# What the task requires
In the listing below, locate the line that contains "This app contains" and the line that contains "Werkend afgebroken ongeveer". Restate word for word those two lines and every line between them, and nothing else.

# The data
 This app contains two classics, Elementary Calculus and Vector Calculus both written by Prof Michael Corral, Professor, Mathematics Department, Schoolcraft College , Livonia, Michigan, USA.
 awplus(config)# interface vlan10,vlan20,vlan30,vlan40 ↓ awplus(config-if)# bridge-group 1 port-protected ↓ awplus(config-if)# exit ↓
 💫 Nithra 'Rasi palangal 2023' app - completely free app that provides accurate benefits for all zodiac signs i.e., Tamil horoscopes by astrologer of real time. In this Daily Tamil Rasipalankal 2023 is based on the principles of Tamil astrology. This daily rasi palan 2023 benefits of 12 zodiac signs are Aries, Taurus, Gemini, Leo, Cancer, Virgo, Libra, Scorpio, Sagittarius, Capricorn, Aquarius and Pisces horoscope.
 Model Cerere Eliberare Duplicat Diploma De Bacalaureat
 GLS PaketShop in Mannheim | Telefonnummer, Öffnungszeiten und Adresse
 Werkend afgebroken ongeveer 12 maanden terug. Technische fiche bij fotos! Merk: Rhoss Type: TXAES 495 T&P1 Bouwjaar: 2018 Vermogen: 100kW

--

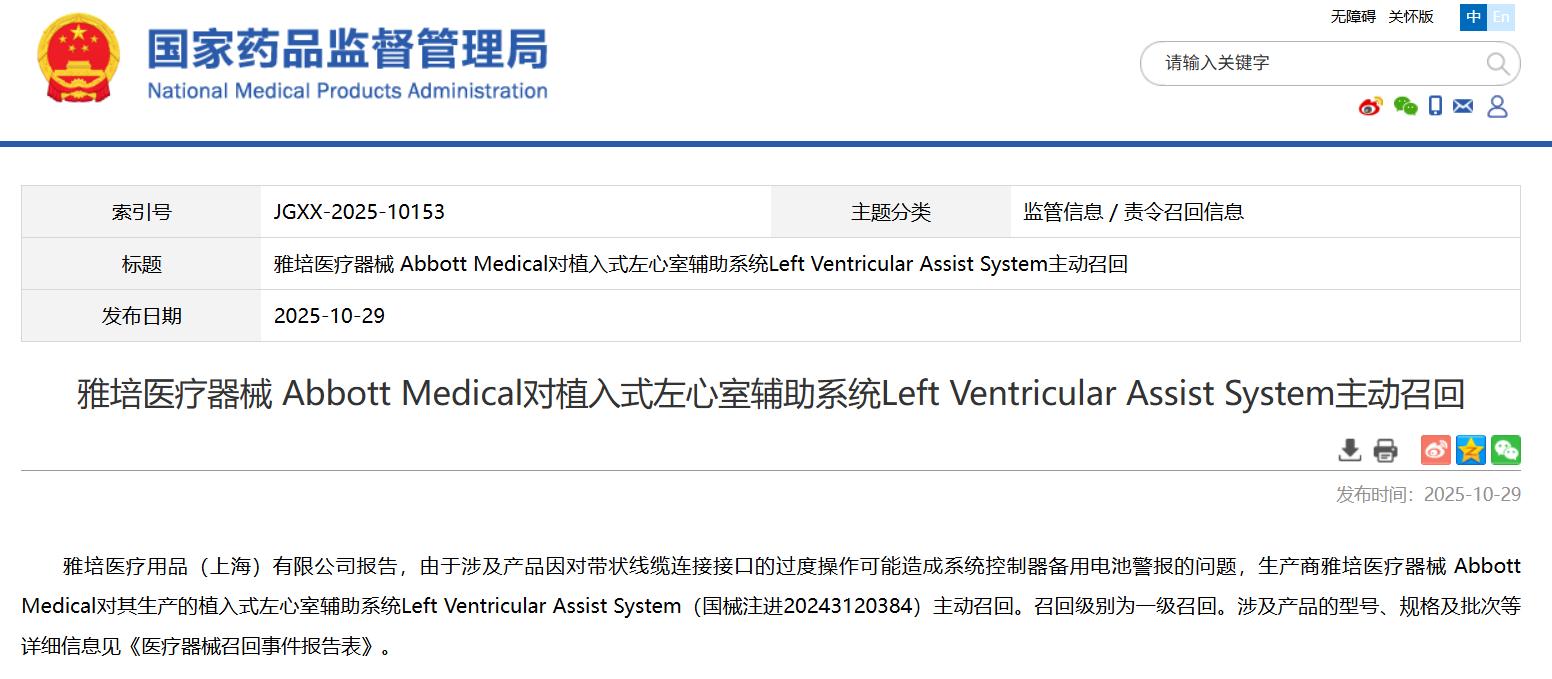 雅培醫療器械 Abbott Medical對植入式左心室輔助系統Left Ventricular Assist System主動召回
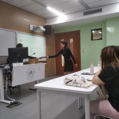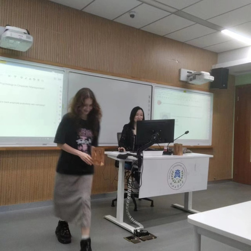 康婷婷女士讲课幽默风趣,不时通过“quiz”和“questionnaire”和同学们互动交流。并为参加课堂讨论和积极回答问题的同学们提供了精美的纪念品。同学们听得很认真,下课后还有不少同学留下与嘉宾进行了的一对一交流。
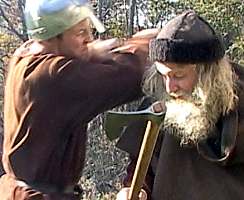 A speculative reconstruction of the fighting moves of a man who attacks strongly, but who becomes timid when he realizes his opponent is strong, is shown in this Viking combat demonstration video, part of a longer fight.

* * *

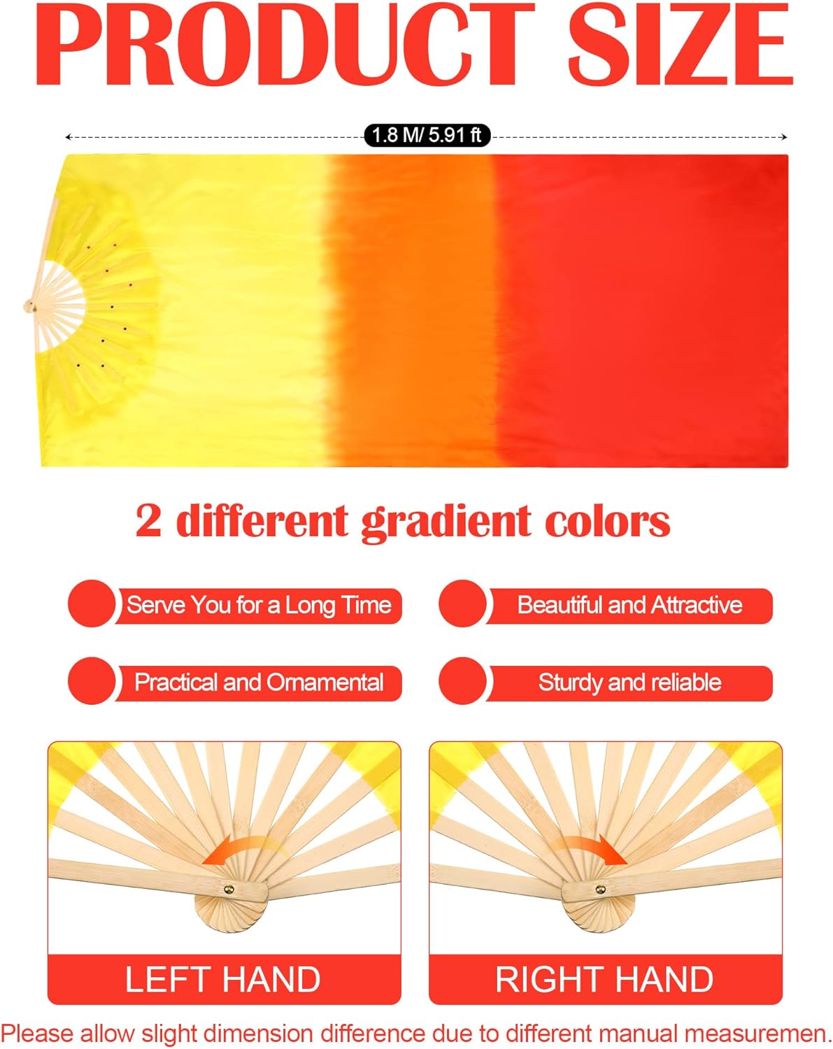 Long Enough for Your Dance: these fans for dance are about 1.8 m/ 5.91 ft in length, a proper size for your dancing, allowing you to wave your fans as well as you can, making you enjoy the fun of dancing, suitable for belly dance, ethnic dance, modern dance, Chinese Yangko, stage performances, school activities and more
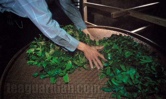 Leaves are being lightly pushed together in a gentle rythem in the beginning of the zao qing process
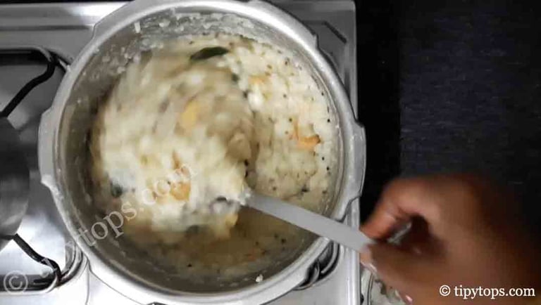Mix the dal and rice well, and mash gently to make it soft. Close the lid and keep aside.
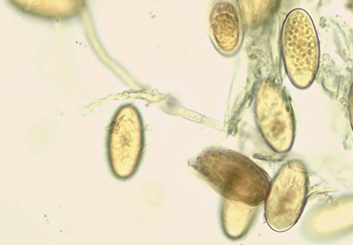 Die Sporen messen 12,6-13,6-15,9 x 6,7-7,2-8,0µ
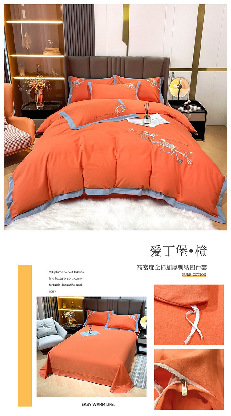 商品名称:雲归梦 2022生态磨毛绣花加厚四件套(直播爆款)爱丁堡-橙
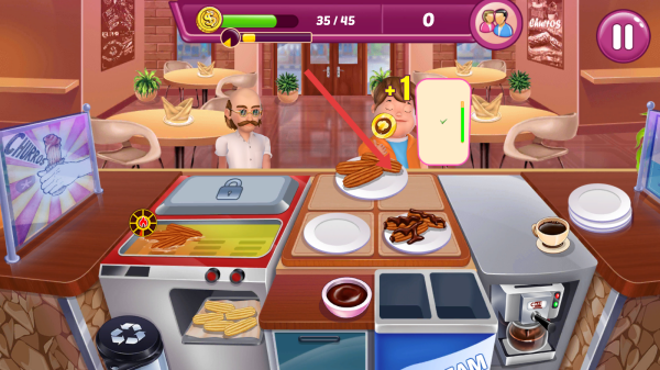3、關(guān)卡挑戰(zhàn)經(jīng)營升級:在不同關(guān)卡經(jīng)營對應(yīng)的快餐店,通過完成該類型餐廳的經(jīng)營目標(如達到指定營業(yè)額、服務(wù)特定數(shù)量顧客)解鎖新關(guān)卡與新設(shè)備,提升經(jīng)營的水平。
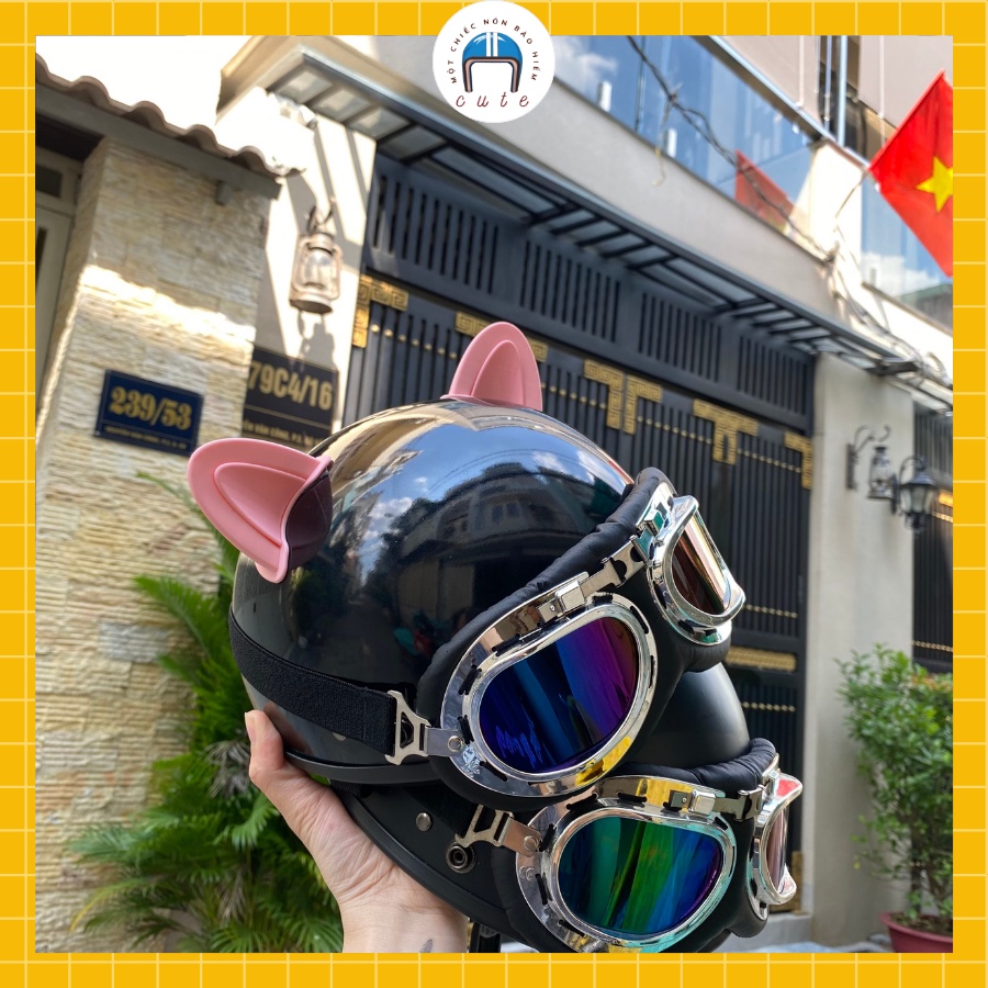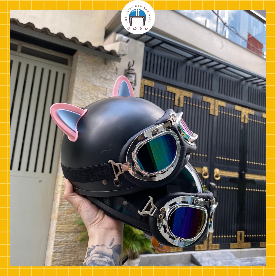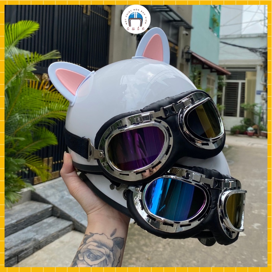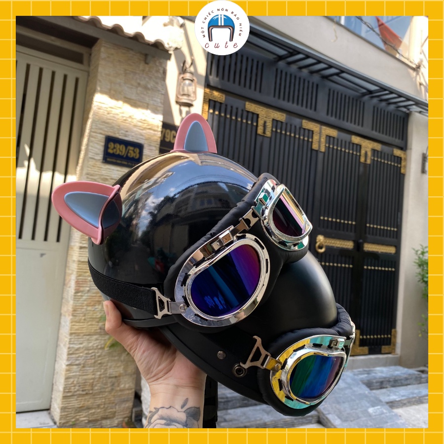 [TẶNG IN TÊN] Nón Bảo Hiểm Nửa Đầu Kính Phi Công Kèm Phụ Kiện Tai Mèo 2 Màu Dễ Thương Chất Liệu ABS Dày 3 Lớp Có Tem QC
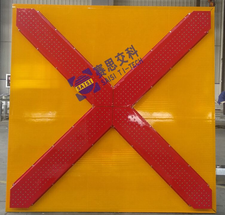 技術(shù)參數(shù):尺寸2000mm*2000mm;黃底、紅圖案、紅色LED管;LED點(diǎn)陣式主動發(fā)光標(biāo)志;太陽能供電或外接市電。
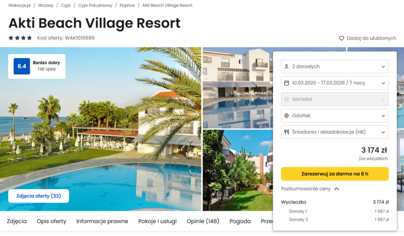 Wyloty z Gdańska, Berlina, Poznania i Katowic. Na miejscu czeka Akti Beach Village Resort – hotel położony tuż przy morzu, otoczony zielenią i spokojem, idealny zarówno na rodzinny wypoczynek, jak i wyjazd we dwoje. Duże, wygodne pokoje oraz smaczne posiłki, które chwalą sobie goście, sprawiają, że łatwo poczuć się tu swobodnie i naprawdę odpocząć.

# Response to this exercise
 This app contains two classics, Elementary Calculus and Vector Calculus both written by Prof Michael Corral, Professor, Mathematics Department, Schoolcraft College , Livonia, Michigan, USA.
 awplus(config)# interface vlan10,vlan20,vlan30,vlan40 ↓ awplus(config-if)# bridge-group 1 port-protected ↓ awplus(config-if)# exit ↓
 💫 Nithra 'Rasi palangal 2023' app - completely free app that provides accurate benefits for all zodiac signs i.e., Tamil horoscopes by astrologer of real time. In this Daily Tamil Rasipalankal 2023 is based on the principles of Tamil astrology. This daily rasi palan 2023 benefits of 12 zodiac signs are Aries, Taurus, Gemini, Leo, Cancer, Virgo, Libra, Scorpio, Sagittarius, Capricorn, Aquarius and Pisces horoscope.
 Model Cerere Eliberare Duplicat Diploma De Bacalaureat
 GLS PaketShop in Mannheim | Telefonnummer, Öffnungszeiten und Adresse
 Werkend afgebroken ongeveer 12 maanden terug. Technische fiche bij fotos! Merk: Rhoss Type: TXAES 495 T&P1 Bouwjaar: 2018 Vermogen: 100kW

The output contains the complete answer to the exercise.